Fig. 1. Working principle of the device. (a) The scanner consists of a magnet, four springs, and a lens. (b) A pair of coils in an arrangement similar to an anti-Helmholtz coil creates a magnetic field gradient at the magnet location. A change in the current through the coils changes this gradient, which in turn changes the force on the actuator. This change in force ultimately causes a displacement of the lens.

Fig. 2. Mechanical FEA results of the 3D nano-printed MEMS actuator. (a) Simulated displacement of the lens as a function of the applied magnetic force, showing a linear relationship. (b) The simulated force remains constant for all magnet displacements along the optical axis. (c) Resonant modes of the actuator. The first mode is at 303 Hz. (d) Normalized z-component of the simulated magnetic field. The field is approximately zero at the location of the actuator.

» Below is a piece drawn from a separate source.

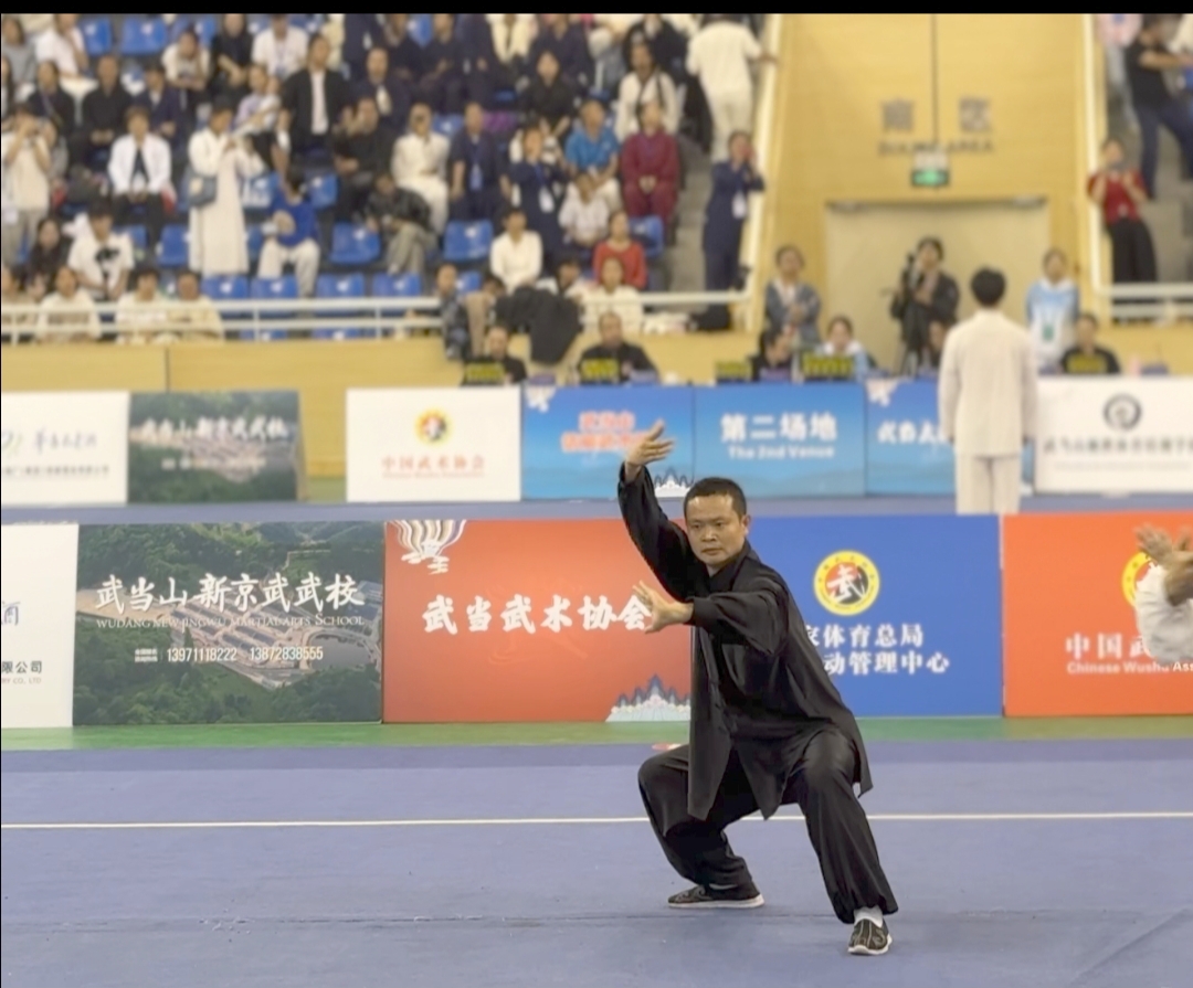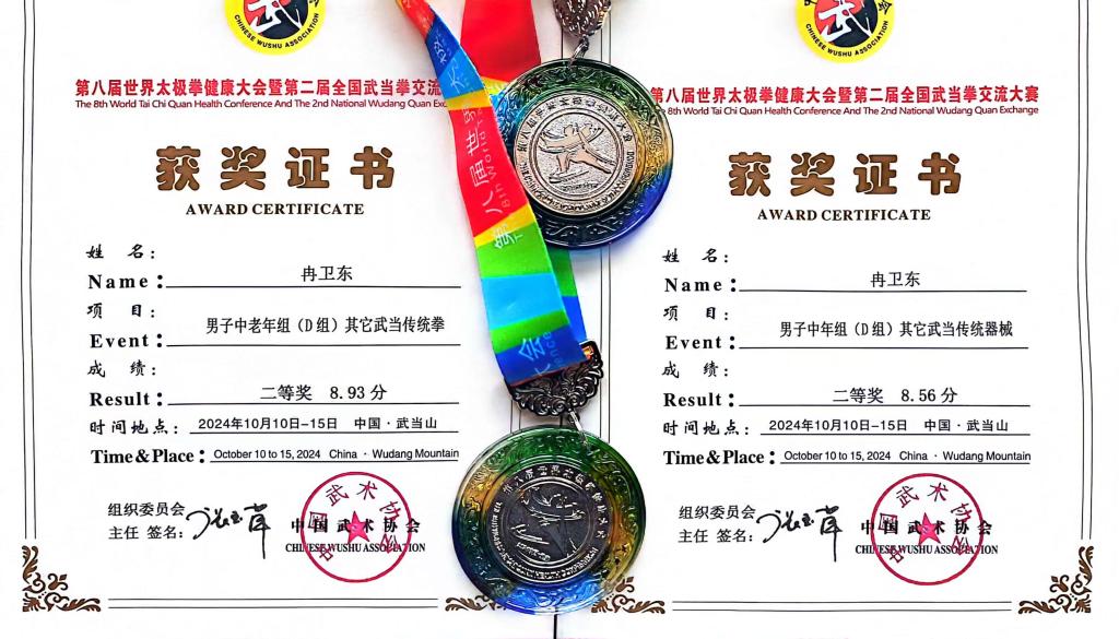 冉卫东老师经过两个多月的刻苦训练,代表学校出征此次大赛。在“一拳一械”个人项目中,凭借出色的表现,其“太乙逍遥掌”和“武当七星剑”双双斩获二等奖,获得两枚银牌。冉老师的逍遥掌,松柔舒缓、连绵不断,尽显太极圆活之美,一招一式精准到位,劲路饱满,展现了太极的刚柔并济;其七星剑表演,剑身灵动而优雅,时而轻缓似清风拂柳,时而凌厉如闪电破空,却又在瞬间收势,淋漓尽致地展现了太极剑的精髓。

Fig. 3. Fabrication process of the complete actuator. A 20 nm layer of PVA is spin-coated onto the substrate (a) prior to 3D nano-printing (b). The structure is developed in PGMEA (c) and rinsed in IPA under UV irradiation (d). PVA is dissolved in water to enable lift-off. (e) After lift-off, the structure is placed in the lower coil (f). Before the evaporation of the solvent, water is exchanged with IPA to lower the capillary forces (g). The micromagnet is placed in the actuator and fixed using UV-curable adhesive (h). The second coil is placed on the actuator and fixed using UV-curable adhesive (i).

Fig. 4. Photographs of the actuator. (a) and (b) Complete actuator with coil pair. (c) Actuator before magnet integration. (d) Mechanical spring before and after the ablation of the safety pins.

Fig. 5. Frequency response of the actuator. (a) Complete frequency response for a peak current of 2 mA. The resonant frequency of the first mode is 347.3 Hz with a quality factor of 17. (b) The resonant peak of the fundamental mode for different drive currents. A shift from 347.3 to 343.8 Hz is observed for an increase of the drive current from 2 to 10.8 mA.

Fig. 6. Quasi-static actuation characteristics of the MEMS scanner under different conditions. (a) Quasi-static displacement of the MEMS actuator as a function of applied current for three peak current levels at 1 Hz. Significant hysteresis is observed. (b) The hysteresis amplitude decreases with increasing frequency, measured in the range from 250 mHz to 20 Hz. (c) Displacement versus current profiles for two selected drive frequencies show reduced hysteresis at higher frequencies. (d) The gain decreases with increasing frequency.

Fig. 7. Step response of the MEMS actuator under different driving currents. (a) The displacement of the actuator over time for different current levels. Viscoelastic creep is observable after the transient response. (b) Initial ringing occurs following the step input and stabilizes over time. The rise time τr is 0.51ms±0.02ms. (c)–(e) Step response for three different currents. The data are fitted with a general Kelvin–Voigt viscoelasticity model with two elements.³⁸

Fig. 8. General Kelvin–Voigt viscoelasticity model of second order³⁸ was used to characterize the viscoelastic material properties. The model was fitted to the step response of the device for three different currents. Errors correspond to the standard deviation of the mean.

Fig. 9. Measurement of the long-term stability. (a) Zoom in to the displacement over time. (b) Peak-to-peak displacement of the actuator over 1000 cycles for three different drive currents. (c) Evaluation of displacement drift and coil temperature over time for a current of 45.1 mA. (d) Linear correlation between displacement drift and coil temperature.

Fig. 10. Results of the shape characterization. (a) A complete profile of the printed lens. (b) Gaussian high-pass filtered section of the lens. The RMS roughness is 37 nm. (c) Shape deviation of the uncompensated, nonreleased lens. (d) Shape deviation of the back and the front surfaces of the compensated lens after lift-off. (e) Total shape deviation (thickness deviation) of the compensated lens. (f) Zernike polynomials of the front and the back surfaces. (g) Combined Zernike polynomials.

Fig. 11. Results of the optical characterization. (a) Profiles of the measured focal spot, the simulated spot based on the measured shapes, and the simulated spot based on the ideal shape. (b) Focal spot of the 3D-nanoprinted actuator. (c) Simulation of the focal spot based on the measured shape. (d) Still images of the focal plane while the actuator translates the lens along the optical axis. Scale bar: 5μm (Video 1, AVI, 0.7 MB [URL: https://doi.org/10.1117/1.APN.4.4.046015.s1]). (e) Still images of the focal spot while the actuator translates bidirectionally. The displacement from the focal plane is estimated from the measured device’s response. Scale bar: 5μm.